Спустя месяц Павел и сам уверует в это объяснение, а любовь известной композиторши вытеснится из памяти, как нечто недостоверное. Ну оглянись вокруг, ну скажи кому - и мужики объяснят: пить надо меньше. На жену свою Галю взгляни, на будничное ее лицо, чуждое всякого воодушевления, и разве после этого сможешь убедить себя, что есть на свете женские лица, вспыхивающие внезапным светом, а речи их - как водопады, а шепот блаженными уколами вонзается в слух.

Они, конечно, есть, эти женщины, но не про твою же честь.

И как он вообще посмел, как он сделал такую женщину соперницей жены своей бедной Гали! Недостойной любовью своей уравнял их!

Даже и мыслями больше ее не касайся. Брат преступника.

Да, разумеется, нельзя не признать: события очень скоро стали приобретать признаки естественного утомления. Женя уже считала историю исчерпанной, а срок путевки все еще длился.

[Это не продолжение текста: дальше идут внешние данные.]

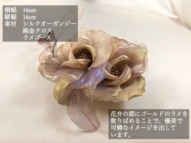シルクオーガンジー、純金クロス、ラメゴース、様々な素材を組み合わせたコサージュになります!
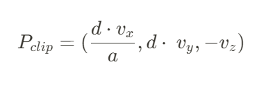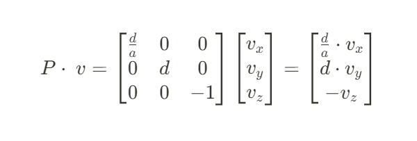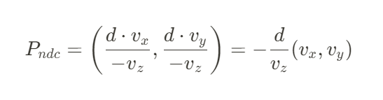두 번째 연산으로 클립 좌표의 점 P의 각 요소를 -v_z 로 나눈다. 그러면 원하는 NDC의 좌표를 얻을 수 있다.
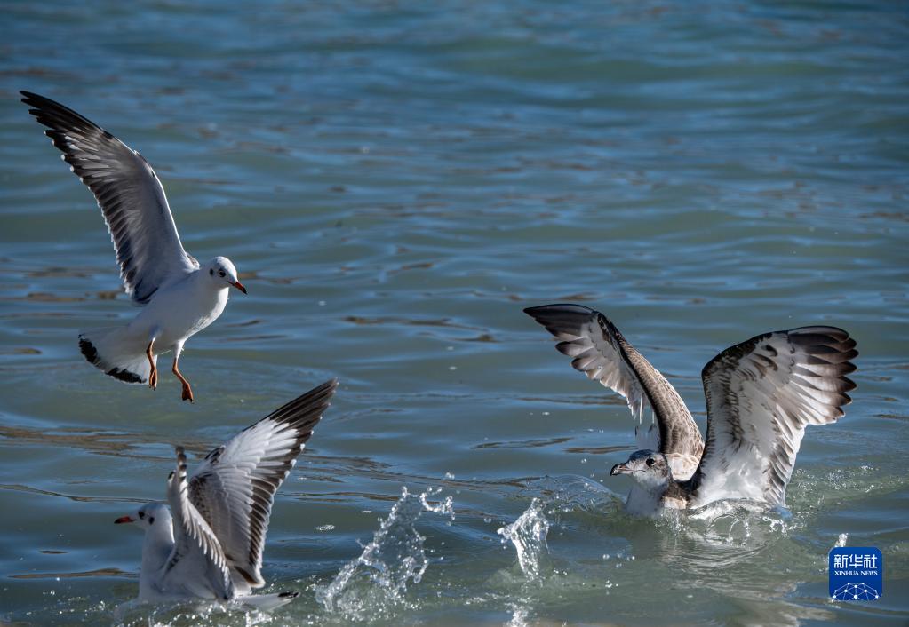 鳥兒在羊卓雍措湖面上“嬉戲”(11月16日攝)。新華社記者 孫非 攝
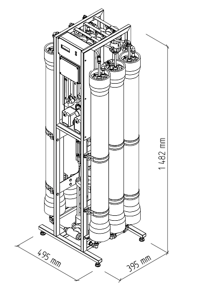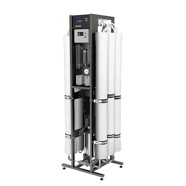 Ecosoft MO30000 — коммерческая система обратного осмоса для получения большого объёма очищенной воды (пермеата) в HoReCa, на производстве и в технологических процессах. В данной комплектации система поставляется без мембран, поэтому мембраны подбираются отдельно под качество исходной воды и требования к производительности.
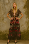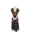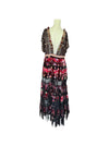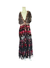 This one-of-a-kind dress masterfully blends 1920s and 1940s influences, featuring a reworked velvet bodice with short sleeves and a deep V-neckline, adorned with intricate antique metallic tassel embroidery. The panelled skirt showcases a 1940s print enhanced by cascading fringe macramé panels, creating elegant movement. Finished with a front V neckline and button fastening at the back, this dress offers a unique combination of vintage craftsmanship and sophisticated detailing for a timeless statement piece.
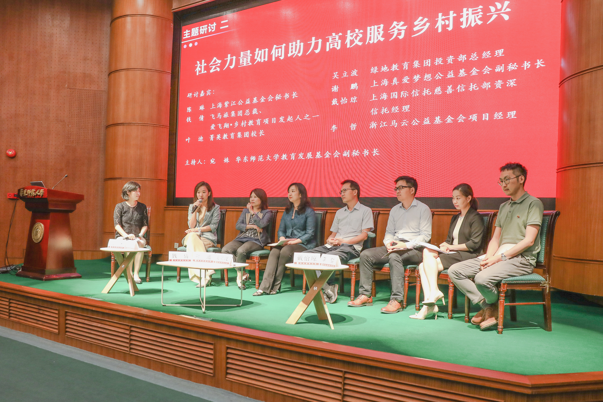 在研讨会上,与会嘉宾围绕高校如何助力乡村振兴、社会力量如何参与高校行动的话题,在音体美教育、乡村教师培育、学生社会实践等方面进行讨论。上海紫江公益基金会秘书长陈琳提出,高校专家学生、政府部门和企业共同支持乡村振兴构建了优良的公益生态圈。飞马旅集团总裁、爱飞翔•乡村教育项目发起人之一钱倩介绍了“爱飞翔”缘起的故事,提出了支持乡村振兴需要开放式的共同参与,形成“人人公益”。菁英教育集团校长叶迪提出,通过社会力量支持让更多乡村教师参与培训项目之中,将大爱传播。绿地教育集团投资部总经理吴立波提出,通过校企合作、产学研的合作来培养人才更好地发挥双方的优势,助力乡村振兴。上海真爱梦想基金会副秘书长谢鹏表示,社会基金会与高校在课程共建、音体美方面加强合作会有更好的成效。上海国际信托、上海市教育发展基金会、上海市慈善基金会、博世中国慈善中心等社会组织代表出席了讨论。
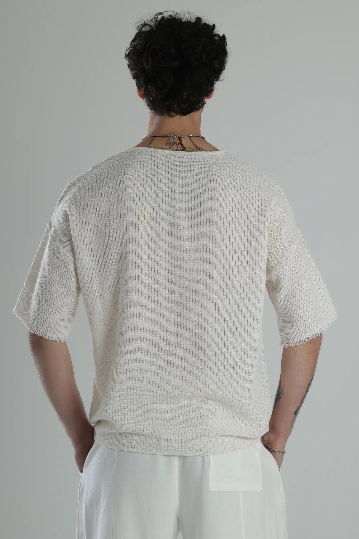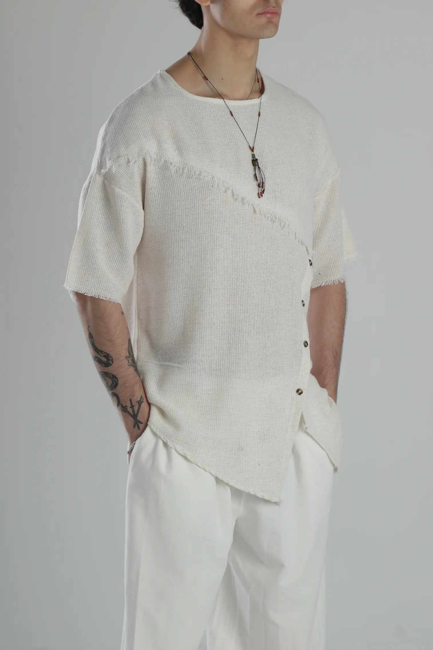 Asymmetric Buldan T-Shirt with Button Detail - Beige
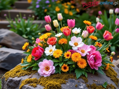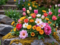 Kamienie, Mech, Liście, Dalie, Róże, Gerbery, Kwiaty, Tulipany
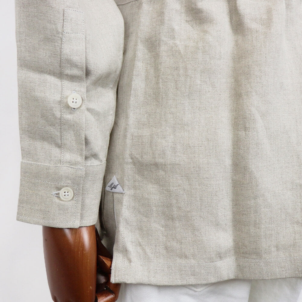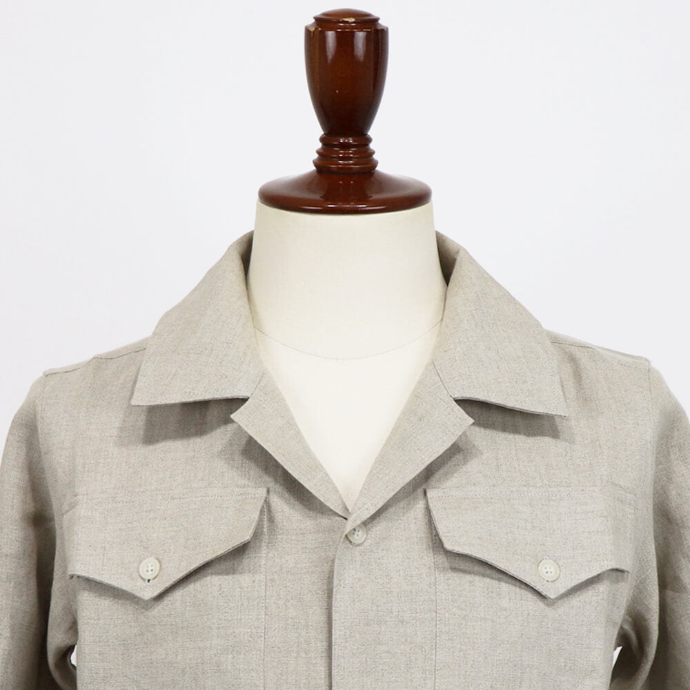 不揃いな太さの糸で織り上げた独特の風合いが魅力で通気性が良くナチュラルなタッチを生み出し、洗濯を重ねることで生まれる起毛感が更にソフトなタッチの生地へと変化をしていきます。ブランドならではの抜群のフィッティングや美しいシルエットは上品さをプラスしてくれます。真夏は腕まくりをして涼しげに着用するのが大人の色気を演出し、プリーツパンツやグルカパンツなどと合わせたレトロリゾートスタイルを楽しみたいアイテムですね!

Шла над Рудными горами снежная гроза. Все в природе взбунтовалось и восстало, вздыбилась крутая радуга, упираясь концами в долину где-то внизу, много ниже "Империала". Там на склонах буря терзала деревья, в небе все кипело, Павел был в комнате, и Женя уже не хотела, чтобы он вышел к ней на балкон, уединение опять обретало прежнюю бесценность, и этим небесным знамением ей уже не хотелось делиться ни с кем. В громе грозы угадывалась скрытая мелодия, и главное было теперь - расслышать.

Чтобы никто не мешал.

Женя вспомнила, как две недели назад, подавленная долгой глухотой, готова была просить слуха у сатаны под залог своей души...

Искушал ее враг и был близок к победе. Но ангел-хранитель не дал - слабую сдавшуюся душу ее заполнил любовью, чтоб не протиснуться нечистому - некуда.

Теперь - слушать.

И расстаться, скорее расстаться, пока цела любовь, оберегающая от похитителя душ. Теперь присутствие Павла могло только навредить.